Незнакомец довел Летти до дверей ее спальни.
— Запрись и никого не пускай к себе, даже мать, — посоветовал он.
И осуждающе покачал головой, будто выносил приговор красавице Сервилии.
— Кто ты? — она попыталась заглянуть ему в глаза.
Глаза были темны, насмешливы, печальны.
— Меня послал Элий. Я служу в его охране. Элий? Значит, он все-таки беспокоится о ней. У Летиции запылали щеки, а на глазах выступили слезы.
— Не уходи, — взмолилась она. — Мне страшно.
— Я не уйду, буду рядом. Но и ты будь осторожна. Очень прошу… — его голос дрогнул. Или ей показалось? Как прежде в его жесте почудилась необыкновенная нежность.
Летти вбежала в свою комнату и защелкнула замок. Значит, Элий думает о ней. Не любит, но думает. Ей казалась, что между ними огромная стена. Выше римских стен, обветшалых, могучих, заложенных еще самим Траяном Децием. И надо через эту стену перелезть. Она готова. Даже если Элий не подаст ей руки, она все равно окажется рядом с ним. Одной быть так страшно!
Летти вспомнила плесканье Бенита в бассейне и расхохоталась.
И тут же боль отдалась в плече и груди.
«Завтра будут синяки, — подумала она, — будто я шлюха из Субуры, а меня избил сутенер».
В дверь настойчиво постучали.
— Летти, это я, открой, — услышала она голос Сервилии.
— Иди ты к воронам! — Летти выкрикнула ругательство с восторгом.
Сервилию она ненавидела сейчас больше, чем Бенита. Мать должна была защищать ее, а вместо этого оказалась на стороне подонка.
— Летти, ты можешь сказать, что произошло? Бенит явился в триклиний весь мокрый и разъяренный.
Ага, она наконец решила поинтересоваться, что случилось.
— Он пытался меня изнасиловать, а я столкнула его в бассейн, — Летиция решила, что вполне может приписать себе действия своего спасителя.
Последовала пауза, но не слишком продолжительная.
— Он просто ухаживал за тобой. Если бы он захотел взять тебя силой, он бы это сделал. — Сервилии нельзя было отказать в логике. Она вновь налегла на дверь. — Открой! Вспомни, я спасла тебе жизнь. Хотя и очень рисковала из-за твоей глупой выдумки. — Вместо того чтобы оправдываться, Сервилия по своему обыкновению обвиняла.

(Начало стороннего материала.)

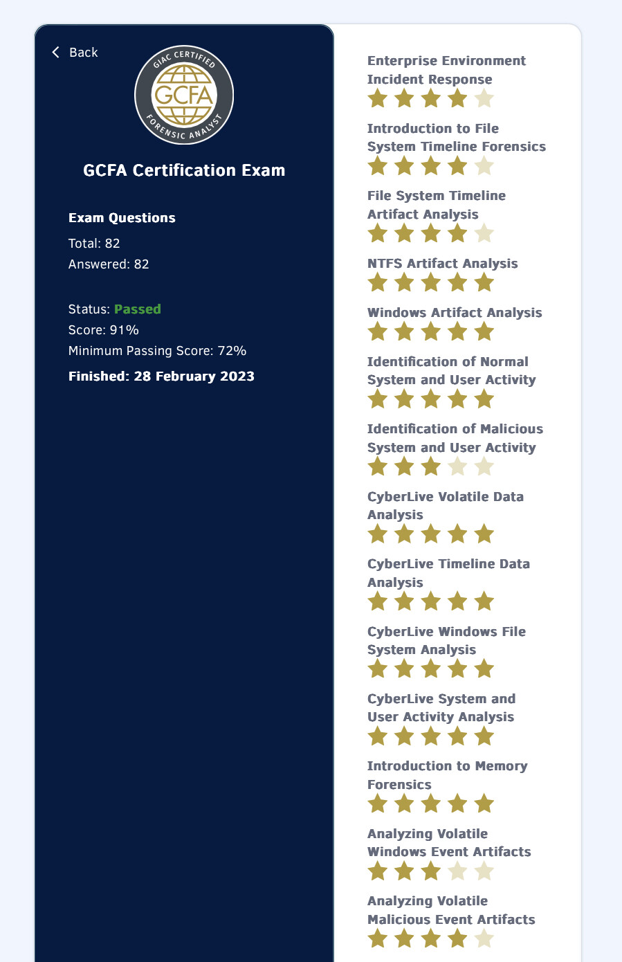 I LOVED this class and actually loved this exam (even if file system timestamps will be the death of me). So incredibly pleased with this score, and happy to be putting another check mark on my #MSISE to-do list :) #GCFA #DFIR #SANS
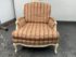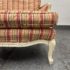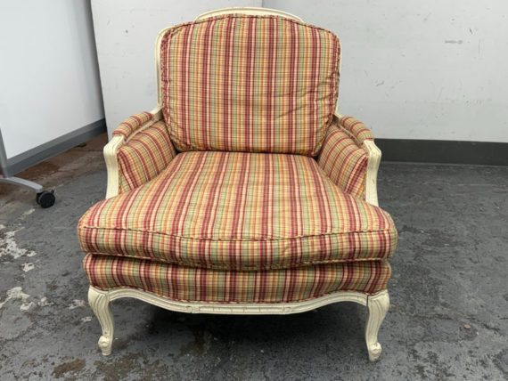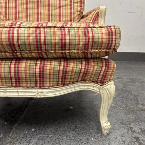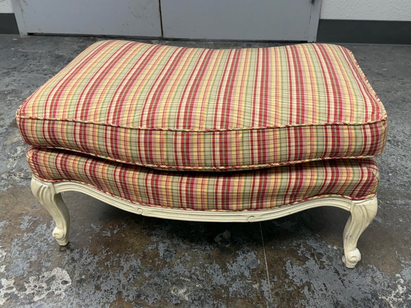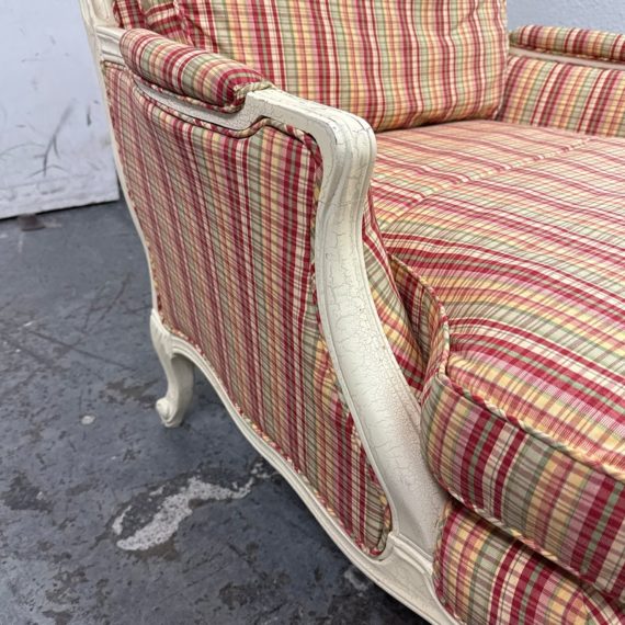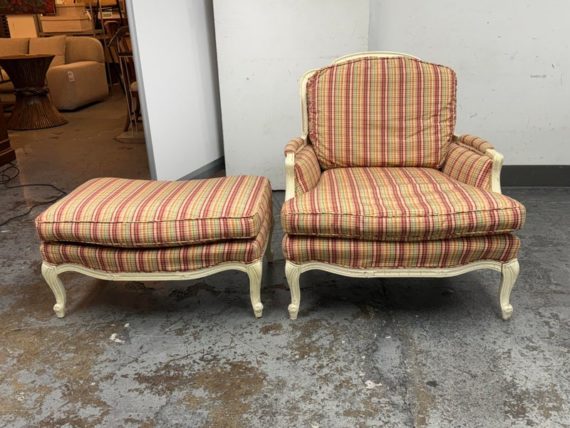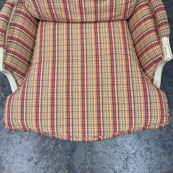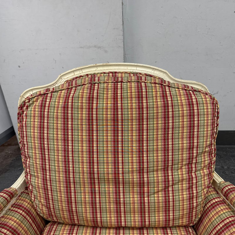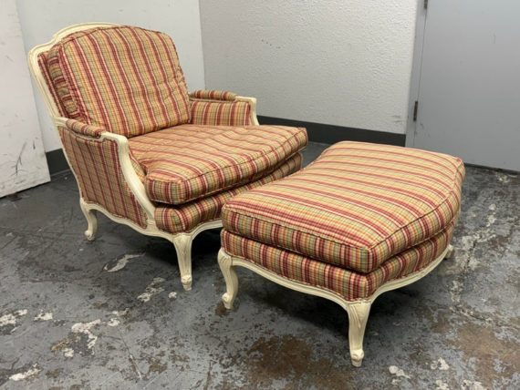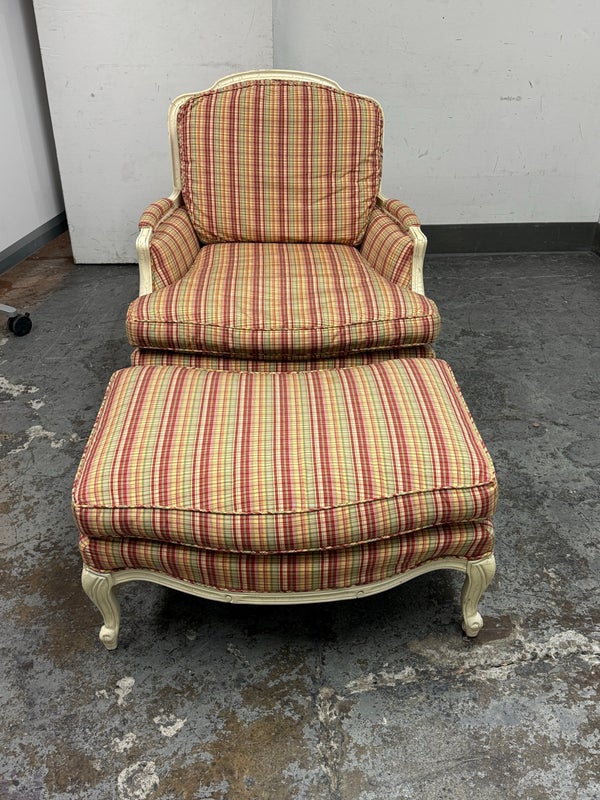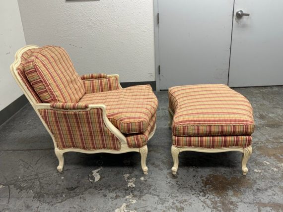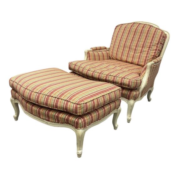 Design Plus Gallery present a Plaid Berger Chair + Ottoman from Sam Moore. Finely crafted in Louis XV style with Christmas like ribbon upholstery in green and red with a white wooden frame. Matching ottoman for leisure. Some visible wear to the wood frame and a stain on the ottoman cushion, consistent with usage. Made in USA.

Она никогда не признавала себя виноватой. Никогда. Даже когда подличала и когда врала.
— Премного благодарна. Но я буду благодарить тебя еще больше, если ты выставишь Бенита за дверь. К тому же жизнь мне спас Юний Вер. И Элий.
Имя Элия привело Сервилию в ярость. Она изо всей силы стукнула кулаком в дверь. О боги! Да она просто ревнует и завидует ей, своей дочери! Не к Элию ревнует, нет, ревнует к возможности любить и быть любимой, и выйти замуж по любви, а не продаваться, как пришлось продаться ей, Сервилии, и делить ложе с нелюбимым, и угождать ему ради его бесчисленных миллионов, ежеминутно подавляя отвращение. А потом, обретя наконец свободу, заводить молодых смазливых любовников, теша униженное тело. Теперь мать хочет и ее, Летицию, приговорить точно к такой же жизни, чтобы дочь повторила ее путь во всем — сначала краткий миг любви, а потом богатство, власть и рядом человек, которого презираешь.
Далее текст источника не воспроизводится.